Any firefighters on MIMB? 

Sent from my PG86100 using Tapatalk


----------



## speedman (Nov 3, 2010)

Jrpro is! 



On the forums instead of working tapatalk for iPhone 4


----------



## 08GreenBrute (Jul 13, 2009)

i have been a volunteer for a few years now and i love it


----------



## FL.cowboy (Oct 15, 2010)

Nice I'm a paid guy. 2 years in so far. 

Sent from my PG86100 using Tapatalk


----------



## Polaris425 (Dec 16, 2004)

I did a year or 2 of Volunteer.


----------



## jrpro130 (May 10, 2009)

im paid...going on 2 years but 2 different places


----------



## FL.cowboy (Oct 15, 2010)

Where you at jr. I'm with orange county 

Sent from my PG86100 using Tapatalk


----------



## FL.cowboy (Oct 15, 2010)

I give a lot of respect to the vol. There are some days I wouldn't.do it for free 

Sent from my PG86100 using Tapatalk


----------



## jrpro130 (May 10, 2009)

FL.cowboy said:


> Where you at jr. I'm with orange county
> 
> Sent from my PG86100 using Tapatalk


sunrise...just west of fort laud, i have a few friends for orange and seminole co.


----------



## FL.cowboy (Oct 15, 2010)

jrpro130 said:


> sunrise...just west of fort laud, i have a few friends for orange and seminole co.

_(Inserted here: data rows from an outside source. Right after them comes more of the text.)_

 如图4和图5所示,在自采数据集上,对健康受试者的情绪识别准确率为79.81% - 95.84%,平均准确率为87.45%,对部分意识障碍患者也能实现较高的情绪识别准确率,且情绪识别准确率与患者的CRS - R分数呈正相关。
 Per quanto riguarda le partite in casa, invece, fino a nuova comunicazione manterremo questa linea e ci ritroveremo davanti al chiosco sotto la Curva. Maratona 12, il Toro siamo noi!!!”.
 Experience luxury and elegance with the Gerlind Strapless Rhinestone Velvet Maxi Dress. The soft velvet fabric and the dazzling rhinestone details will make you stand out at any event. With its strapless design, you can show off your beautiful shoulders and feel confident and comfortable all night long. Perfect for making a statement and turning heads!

Nice. My uncle just retired from Margate after 36 years. The station I'm at is a split house. Orange county engine and a seminole county rescue. 

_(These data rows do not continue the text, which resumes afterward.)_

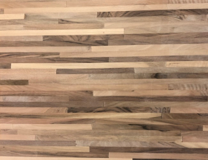 1. Plan de travail en Noyer massif étuvé lamellé collé produit en lames aboutées.
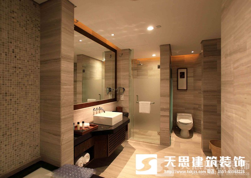 要做到干湿分离,最基本的做法是整体浴室或者是墙体隔离、玻璃隔离方法,都将增加一笔开支。而普通的酒店都是采用未隔离或半隔离的做法,地面也未增加其它的拦水措施,成本非常低廉。
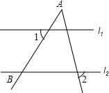 10.如图,已知l1∥l2,∠A=40°,∠1=60°,则∠2的度数为80°.
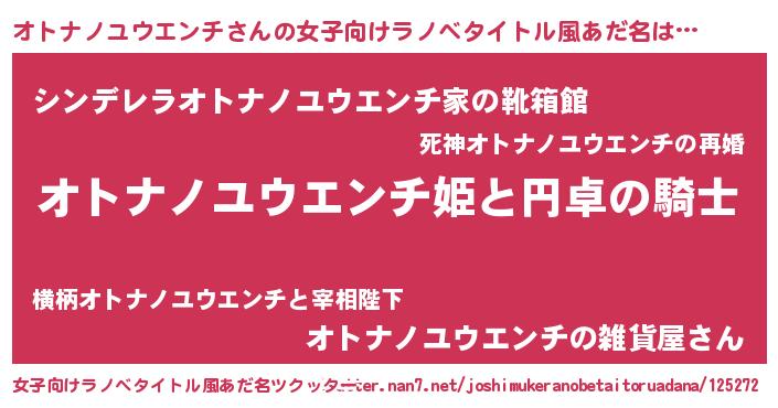 | 男性向けラノベタイトル風あだ名 | 『オトナノユウエンチの憂鬱』 |
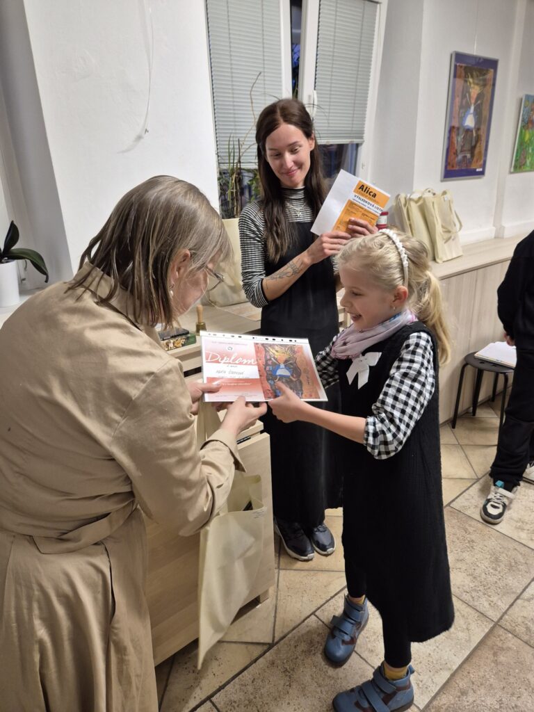 Súčasťou vernisáže bolo aj slávnostné odovzdávanie cien víťazom našej súťaže. Bolo úžasné vidieť radosť a hrdosť v očiach ocenených tvorcov. Ešte raz srdečne gratulujeme všetkým oceneným a ďakujeme každému jednému účastníkovi za to, že sa s nami podelil o svoj jedinečný pohľad na príbeh Alice.
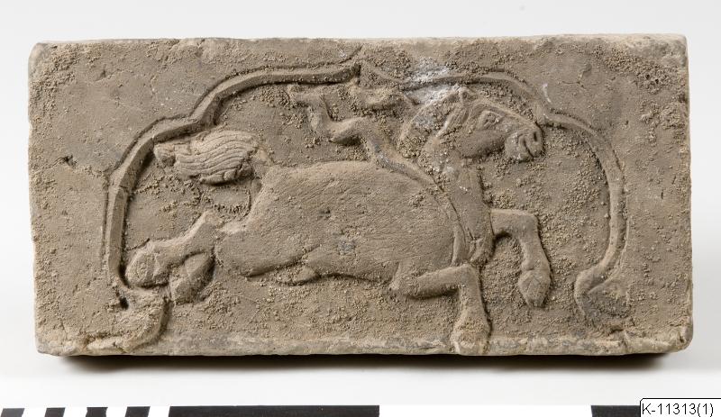 Murtegel med hästmotiv. Mycket lika K-11312 med undantag av att den har en skada på framsidans kantL. 32 cmBr. 15,3 cmTjockl. 5 cm
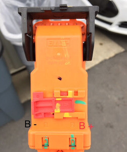 注操作高压组件时,务必佩戴个人防护装备(高压手套、护目镜),测量 B+ 至接地、B- 至接地、B+ 至 B- 的电压;如果电压大于 10V,则说明电池组触点开关未断开或熔焊;停止作业并联系维修工程部
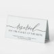 This table tent sign is the perfect size for our tables and easy to read. I also like the material it is made with and no worries about it falling or sliding. Just perfect! Everything about this card is perfect. I like that it says what we want on the front and on the back we were able to personalize a message for our guests.
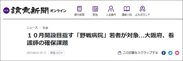 據《讀賣新聞》等多家日媒今天(31日)報道,日本大阪府知事吉村洋文30日稱,當地正計劃於10月中旬建設一個擁有1000張病牀的“野戰醫院”,屆時將主要收治無法住院治療以及無法在酒店集中療養的40歲以下年輕感染者。
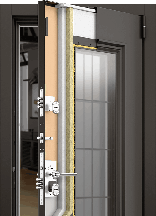 В основе двери — запатентованная конструкция короба ТЕРМОКОМПОЗИТ. Это комбинированное решение из металла и ПВХ-профиля, где сталь отвечает за жесткость и прочность, а пластик работает как терморазрыв, сохраняя тепло зимой и прохладу летом.

Sent from my PG86100 using Tapatalk


----------



## Litenyaup (Aug 28, 2011)

I was with Indian river county for about 1 1/2 years. Got laid off now I'm voll for malabar keeping my certs current. I'm with palm bay utilities try to transfer over to palm bay fire rescue.


----------



## FL.cowboy (Oct 15, 2010)

We hire up here through out the year if your intrested

Sent from my PG86100 using Tapatalk


----------



## TxFireman1972 (Jan 16, 2012)

Professional here. This year will be 20 years. Beaumont Fire Department in Beaumont Tx. Local 399.


----------



## MOSTHATED59 (Apr 24, 2011)

I'm not technically a firefighter but I went through fire school. I'm apart of our fire squad for my chemical plant and a Hazmat specialist.


----------



## tony1j (Mar 11, 2011)

Been in the fire service for around 12 years now.


----------



## FL.cowboy (Oct 15, 2010)

Glad to see there is a good amount of us 

Sent from my PG86100 using Tapatalk


----------



## bstomper (Jan 9, 2012)

Full time industrial and Volunteer Cheif in my community. 18 years in the service.


----------



## bstomper (Jan 9, 2012)

MOSTHATED59 said:


> I'm not technically a firefighter but I went through fire school. I'm apart of our fire squad for my chemical plant and a Hazmat specialist.


In my books that makes you a firefighter.


----------



## FL.cowboy (Oct 15, 2010)

Amen to that brother. I have run some fire calls at my local power plant... that is some scary stuff yall deal with there.


----------



## MOSTHATED59 (Apr 24, 2011)

Ya. It can def. get a little tricky out there sometimes. But I work with a good group of guys. They make sure I make it home everyday I return the favor to all of them.


----------



## Freebird (Feb 20, 2012)

East central fla here(palm bay). just started year 25 and the end is within sight! lets get to muddin brothas! ya'll b safe out there! EVGH-FTMPTB


----------



## Stimpy (Jan 26, 2012)

Been a volunteer goin on three years now.


----------